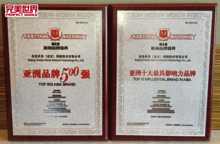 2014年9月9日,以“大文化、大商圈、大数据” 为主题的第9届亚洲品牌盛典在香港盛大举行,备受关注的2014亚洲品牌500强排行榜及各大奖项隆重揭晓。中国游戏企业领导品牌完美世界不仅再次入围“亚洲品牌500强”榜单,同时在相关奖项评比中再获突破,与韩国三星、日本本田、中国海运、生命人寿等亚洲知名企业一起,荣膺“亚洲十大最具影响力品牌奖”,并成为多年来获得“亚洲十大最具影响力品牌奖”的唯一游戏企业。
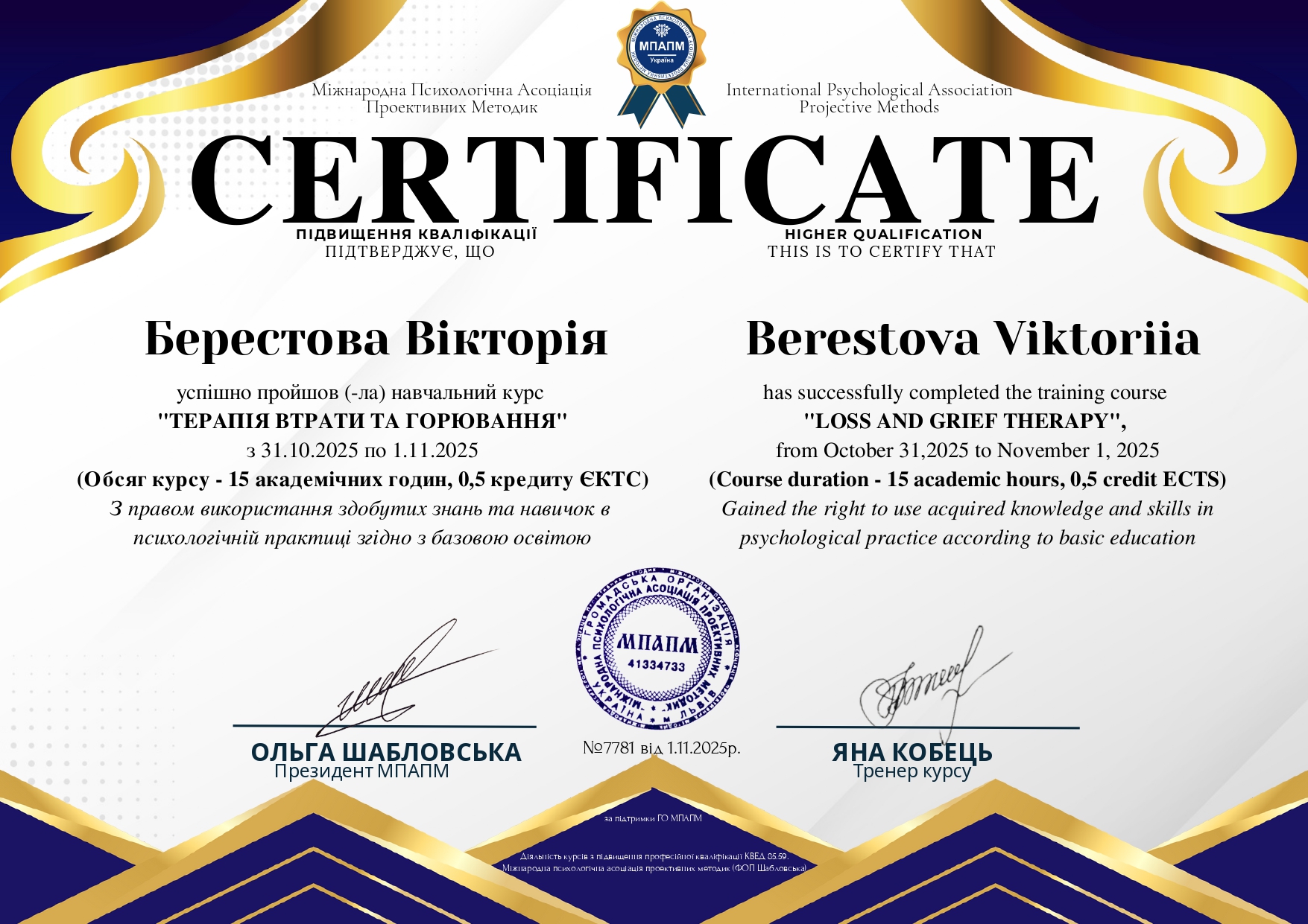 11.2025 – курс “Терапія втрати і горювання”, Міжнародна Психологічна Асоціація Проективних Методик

==

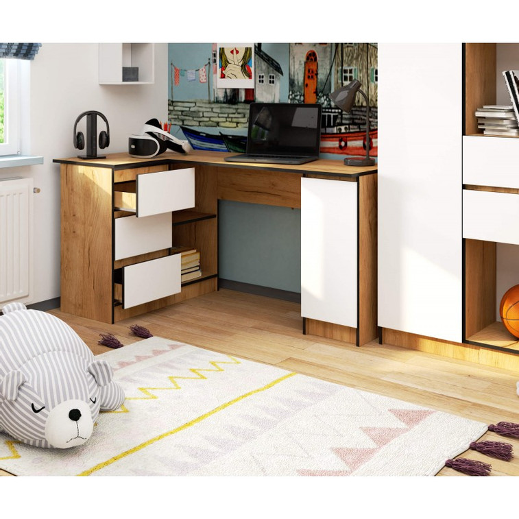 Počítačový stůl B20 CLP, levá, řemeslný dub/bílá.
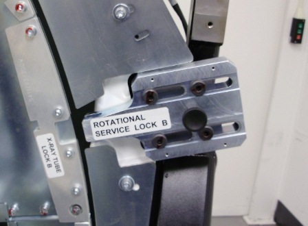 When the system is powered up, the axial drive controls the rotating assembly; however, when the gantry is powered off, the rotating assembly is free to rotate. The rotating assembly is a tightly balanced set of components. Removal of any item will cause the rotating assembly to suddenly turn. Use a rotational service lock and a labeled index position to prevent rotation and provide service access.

* TASK STATEMENT:
In the entries above, find the line with "Počítačový stůl B20" and the line with "When the system". Write out exactly those two lines and every line between them, pictures excluded.

* RESULT BELOW:
 Počítačový stůl B20 CLP, levá, řemeslný dub/bílá.
 When the system is powered up, the axial drive controls the rotating assembly; however, when the gantry is powered off, the rotating assembly is free to rotate. The rotating assembly is a tightly balanced set of components. Removal of any item will cause the rotating assembly to suddenly turn. Use a rotational service lock and a labeled index position to prevent rotation and provide service access.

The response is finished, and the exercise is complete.